As individuals try to manage medical information and understand their conditions, many typically turn to Google or WebMD — neither of which does much to verify or provide the latest information. But Roon plans to change this with a medical education platform for vetted information, sourced strictly from doctors, patients, and caregivers.
By curating the data it makes available around individual conditions, Roon is meant to reassure patients and caregivers that it’s accurate and well sourced.
“We do pay lip service to caregivers, but there’s so much more that can and should be done to recognize the important role they play in managing health,” said Roon co-founder Rohan Ramakrishna, who previously worked as a neurosurgeon. “And so when we build this medical canon of information, we take that all into account, so that we can meet the unique needs of both patients and caregivers within any individual condition.”
Along with Ramakrishna are Pinterest’s former heads of marketing, Vikram Bhaskaran, and partner engineering, Arun Ranganathan. They entered the health tech space with Roon, hoping to reinvent what it means to receive medical information after working as caregivers themselves.
Bhaskaran and Ranganathan realized it was unnecessarily difficult to look up information about their loved ones’ conditions. After connecting on the idea with Ramakrishna, Roon was born.
“There’s so much medical misinformation…in 2022, it’s crazy that patients don’t have anywhere to go to answer questions,” Bhaskaran told TechCrunch in an interview.
The company claims to be “humanizing medicine” for people who have questions but don’t have a place to turn to.
Roon is meant to provide what they consider “medically vetted” information to caregivers and patients about grave medical conditions.

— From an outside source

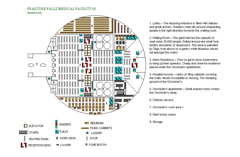 Attached is the map of the ground floor of the central tower, more maps coming soon/ on demand. The green picture is the Frakture Fallz insignia and the M in Manifen and is also the shape of Frakture Fallz.

To begin with, they are only providing information related to glioblastomas, a type of brain tumor, and have 200 active users. The company hopes to expand to include dementia, pediatric cancers, and ALS.
“Everything we build starts with actually finding the experts in a condition and really enabling them to create content that is suited for patients and caregivers,” Bhaskaran said.
Someone using the platform is given a medical starter kit — organized information to provide a general understanding of the condition; then they can ask specific questions if it wasn’t already answered on the platform’s FAQ.
Although the company claims there is little to no competition, obviously anyone can still do a simple Google search and receive information (although it may not be as concise) or turn to WebMD (which aggregates and summarizes information). One thing the founders also emphasized to TechCrunch was that doctors typically spend time answering the basic questions and not delving fully into the condition — though for the patient and caregiver their doctor can still be a source of information.
For a deeper look at a given condition, patients and caregivers may want to hear directly from today’s specialists, as well as others who can share their experience firsthand. That’s the curated content Roon hopes to make available.
Despite being a little over a year old, the company has garnered support in the form of a $7.5 million seed round led by Firstmark, TMV and Sequoia, with participation from SV Angel, Maverson and M13. The company also secured 11 angel investors and four advisors.
For now the company says they are being “a little bit vague on where we’re heading because we’ve had some big insights about how we take this, but all pieces of it will get better.” However, the founders told TechCrunch this round’s funds will be used to expand their team and begin implementing more condition information.
“There’s all this time, energy and money being spent on making shopping easier,” Ramakrishna said. “What if we could spend that same amount of energy and ingenuity in making the experience of health so much better?”